## REQUIREMENT
A faithful copy of each entry below is expected, with the images removed.

################

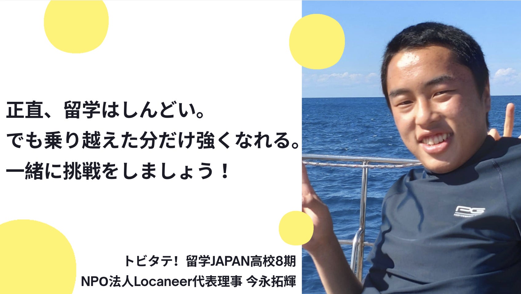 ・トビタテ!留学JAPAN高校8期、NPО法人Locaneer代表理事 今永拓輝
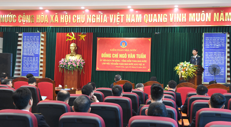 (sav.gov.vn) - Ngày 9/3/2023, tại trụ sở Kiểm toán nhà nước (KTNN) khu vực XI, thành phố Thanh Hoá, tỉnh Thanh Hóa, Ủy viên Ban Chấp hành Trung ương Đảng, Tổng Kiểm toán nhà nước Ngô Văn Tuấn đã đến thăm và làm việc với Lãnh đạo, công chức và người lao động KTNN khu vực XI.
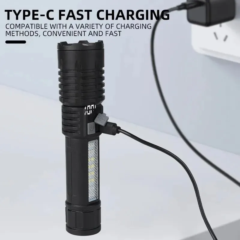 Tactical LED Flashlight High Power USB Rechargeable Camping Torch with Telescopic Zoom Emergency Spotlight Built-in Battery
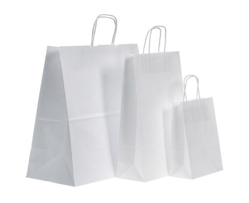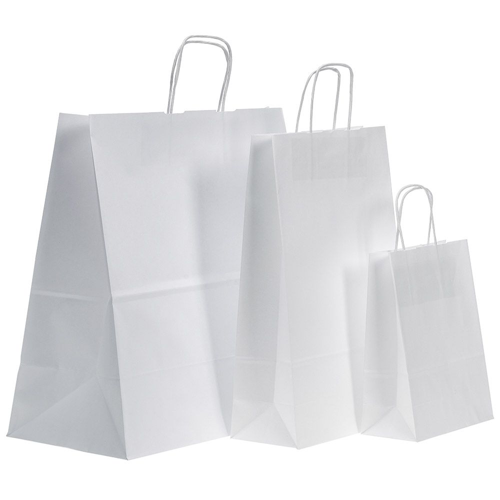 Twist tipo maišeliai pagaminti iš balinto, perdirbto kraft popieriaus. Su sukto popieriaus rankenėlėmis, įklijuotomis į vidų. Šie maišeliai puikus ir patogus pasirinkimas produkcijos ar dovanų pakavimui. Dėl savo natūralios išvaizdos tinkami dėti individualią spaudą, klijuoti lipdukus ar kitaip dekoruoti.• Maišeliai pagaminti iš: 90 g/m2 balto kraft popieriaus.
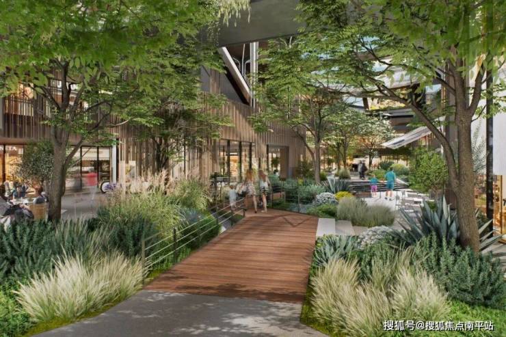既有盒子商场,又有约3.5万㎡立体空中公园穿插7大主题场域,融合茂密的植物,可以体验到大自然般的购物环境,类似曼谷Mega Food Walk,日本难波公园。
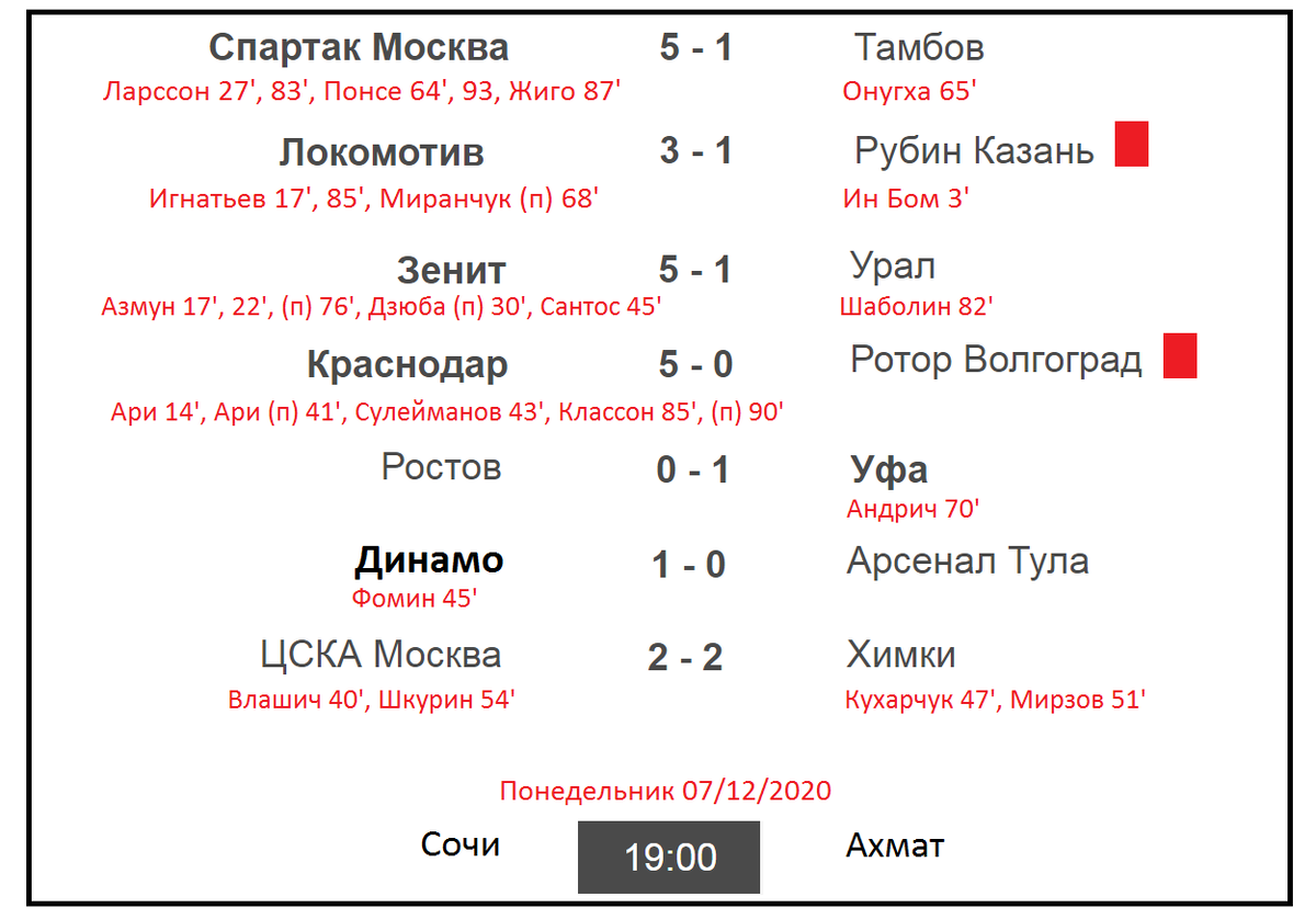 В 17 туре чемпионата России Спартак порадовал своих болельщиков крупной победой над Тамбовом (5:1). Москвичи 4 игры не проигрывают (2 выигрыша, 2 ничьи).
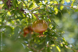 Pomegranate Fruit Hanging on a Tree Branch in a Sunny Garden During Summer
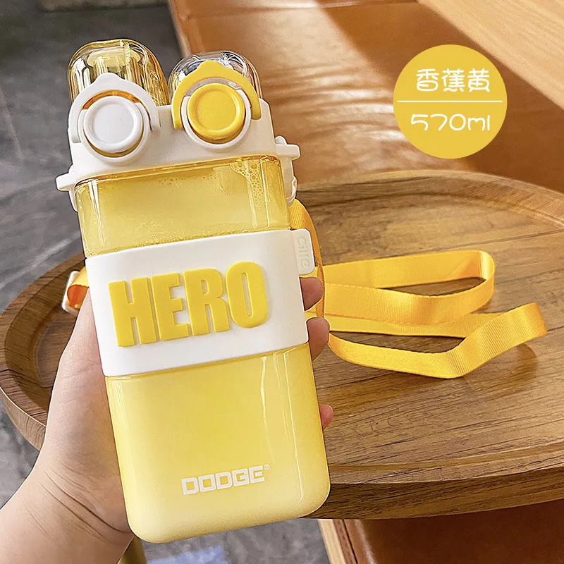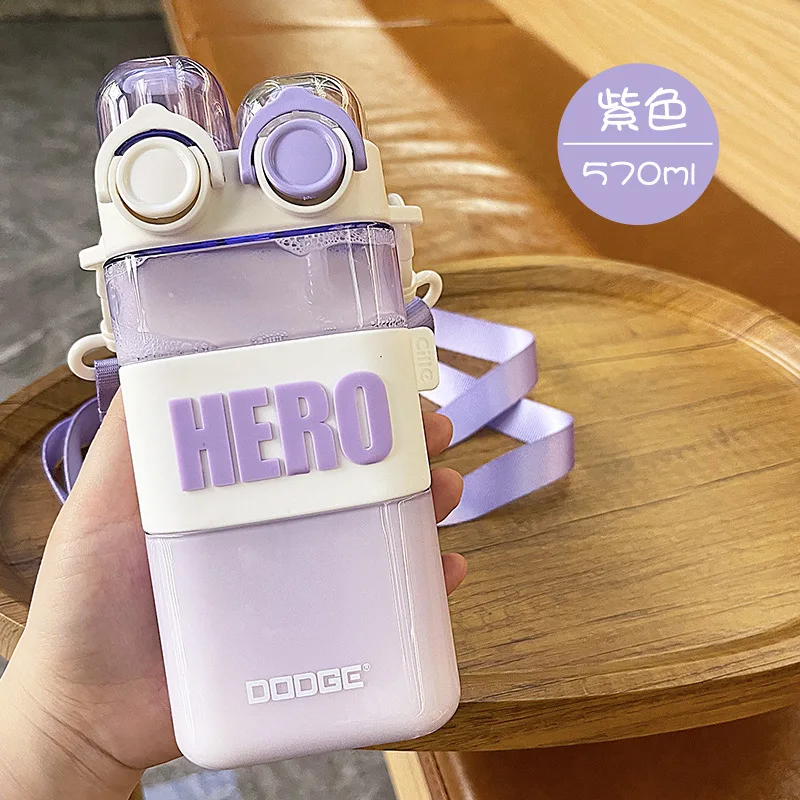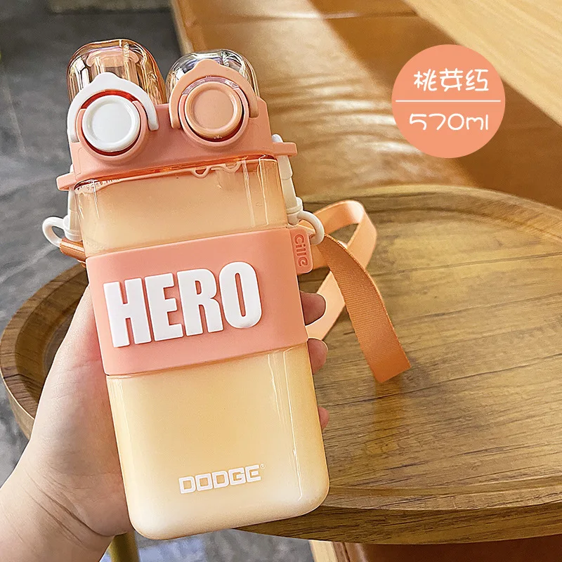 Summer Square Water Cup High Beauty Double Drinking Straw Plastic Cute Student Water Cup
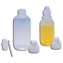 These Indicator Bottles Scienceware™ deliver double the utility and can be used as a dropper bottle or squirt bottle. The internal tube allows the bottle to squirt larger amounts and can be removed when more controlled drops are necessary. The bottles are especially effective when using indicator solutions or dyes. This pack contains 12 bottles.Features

################

## RESULT OF THIS TASK
 ・トビタテ!留学JAPAN高校8期、NPО法人Locaneer代表理事 今永拓輝
 (sav.gov.vn) - Ngày 9/3/2023, tại trụ sở Kiểm toán nhà nước (KTNN) khu vực XI, thành phố Thanh Hoá, tỉnh Thanh Hóa, Ủy viên Ban Chấp hành Trung ương Đảng, Tổng Kiểm toán nhà nước Ngô Văn Tuấn đã đến thăm và làm việc với Lãnh đạo, công chức và người lao động KTNN khu vực XI.
 Tactical LED Flashlight High Power USB Rechargeable Camping Torch with Telescopic Zoom Emergency Spotlight Built-in Battery
 Twist tipo maišeliai pagaminti iš balinto, perdirbto kraft popieriaus. Su sukto popieriaus rankenėlėmis, įklijuotomis į vidų. Šie maišeliai puikus ir patogus pasirinkimas produkcijos ar dovanų pakavimui. Dėl savo natūralios išvaizdos tinkami dėti individualią spaudą, klijuoti lipdukus ar kitaip dekoruoti.• Maišeliai pagaminti iš: 90 g/m2 balto kraft popieriaus.
既有盒子商场,又有约3.5万㎡立体空中公园穿插7大主题场域,融合茂密的植物,可以体验到大自然般的购物环境,类似曼谷Mega Food Walk,日本难波公园。
 В 17 туре чемпионата России Спартак порадовал своих болельщиков крупной победой над Тамбовом (5:1). Москвичи 4 игры не проигрывают (2 выигрыша, 2 ничьи).
 Pomegranate Fruit Hanging on a Tree Branch in a Sunny Garden During Summer
 Summer Square Water Cup High Beauty Double Drinking Straw Plastic Cute Student Water Cup
 These Indicator Bottles Scienceware™ deliver double the utility and can be used as a dropper bottle or squirt bottle. The internal tube allows the bottle to squirt larger amounts and can be removed when more controlled drops are necessary. The bottles are especially effective when using indicator solutions or dyes. This pack contains 12 bottles.Features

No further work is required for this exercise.